McCoy: We’re not unaccustomed to doing things the hard way, but we thought maybe we could take a little bit of a breather at this point and — not a lot of oxygen out there!
Ott: It’s pretty stressful. I can see it in your face.
McCoy: Oh, well. It’s really hard to watch my husband with it. He struggles as wanting to be the provider that I think men envision themselves to be and wanting to solve all the problems and take care of it. And you know, just, every month there’s something that you didn’t plan for, you didn’t see on the horizon that comes up and it’s like, where do you squeeze the balloon to get the money you need to solve the problem?
The balloon that popped is college. The McCoys had to take out a student loan for their oldest son. Another son is deferring college for a year because they can’t afford it. And their daughter, Summer, graduates high school in May.
Summer McCoy: They’re going to do whatever they can to help me. They’re not going to throw me out the door with my bags packed and go ‘see ya’. But I don’t want to put them in the position that they feel like they have to do everything.
Summer McCoy says she’s really nervous. She’s been accepted to the University of Alabama, but her part-time job at a movie theatre isn’t enough to pay the tuition.

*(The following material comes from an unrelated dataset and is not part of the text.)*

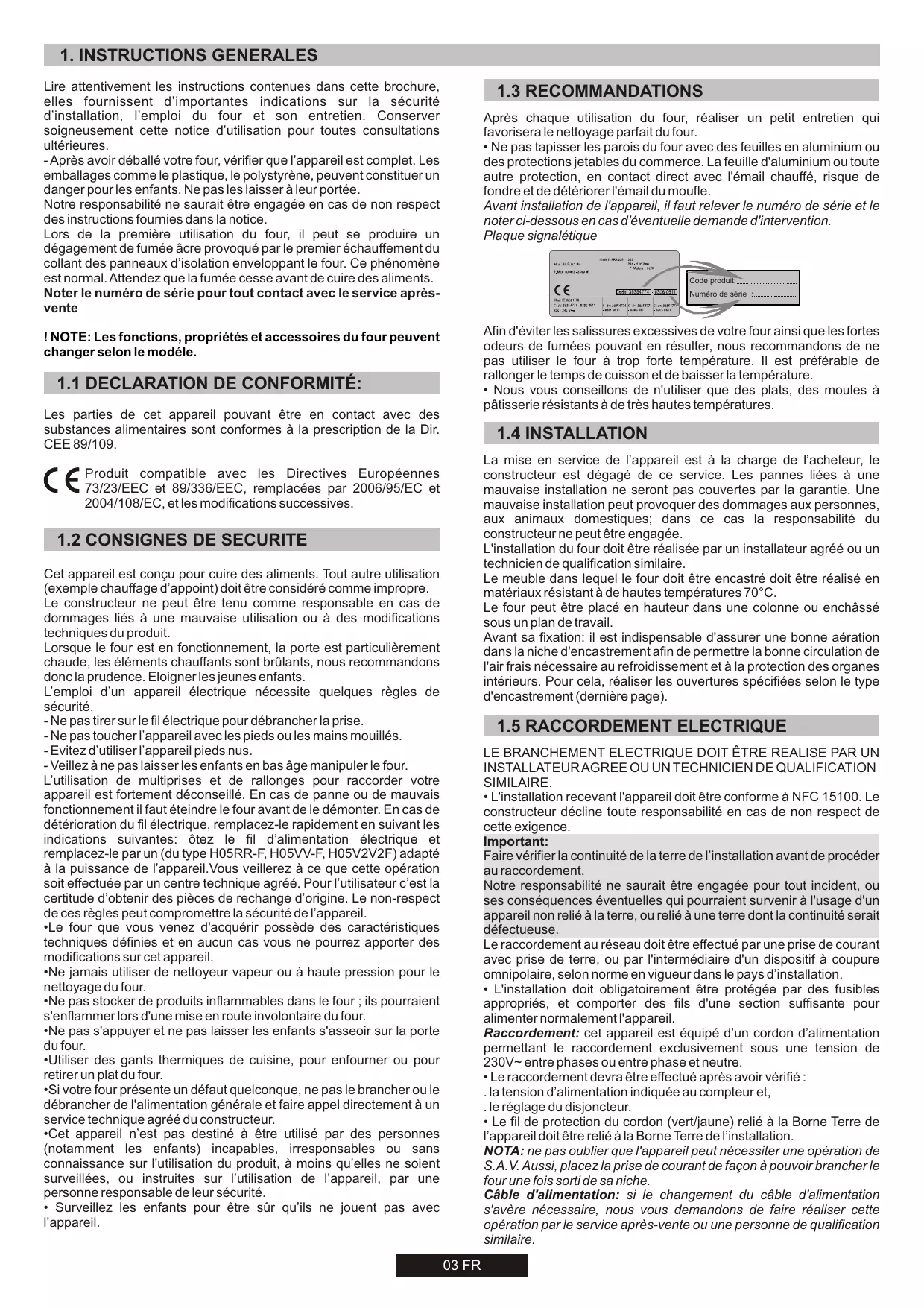 - Ne pas tapisser les parois du four avec des feuilles en aluminium ou des protections jetables du commerce. La feuille d'aluminium ou toute autre protection, en contact direct avec l'émail chauffé, risque de fondre et de détériorer l'émail du moufle. Avant installation de l'appareil, il faut relever le numéro de série et le noter ci-dessous en cas d'éventuelle demande d'intervention. Plaque signalétique Code produit: Numéro de série : Afin d'éviter les salissures excessives de votre four ainsi que les fortes odeurs de fumées pouvant en résulter, nous recommandons de ne pas utiliser le four à trop forte température. Il est préférable de rallonger le temps de cuisson et de baisser la température.

There’s no telling how many families are in this situation. No one keeps those numbers. But University of Alabama at Birmingham real estate expert Stephanie Rauterkus has been pouring over foreclosure records. She sees a trend: the average number of mortgages per consumer has almost doubled in the last 15 years. She says in many cases, multiple mortgages means big trouble.
Stephanie Rauterkus: The whole thing fell apart and they lost the investment property as well as the primary residence. So, so it’s, it’s unfortunate.
Unfortunate, and unhealthy. Financial planner and life coach Brady Stamps says he knows some homeowners who are so stressed out they’ve developed high blood pressure, depression and other medical problems.
Brady Stamps: Any time you have this emotional situation where everywhere you turn your friends are talking about it, the TV’s talking about it, you try to watch a movie or comedy to get relief and jeez, they’re talking about it! You’ve got some people, their way to handle finance is they just choose to ignore everything.
Brady Stamps says reach out.
Stamps: There’s no shame in it. There’s a lot of people that are in similar situation.
The McCoys have looked at refinancing their mortgages. They keep hearing about the historic low rates right now. But their debt-to-income ratio is too high so they don’t qualify, even though they say they’ve always had good credit and they make their payments on time. The McCoys are looking to Washington for relief. Congress hopes to pass the hotly debated economic stimulus bill next month that helps fend off foreclosures.
In Birmingham, Ala. I’m Tanya Ott for Marketplace Money.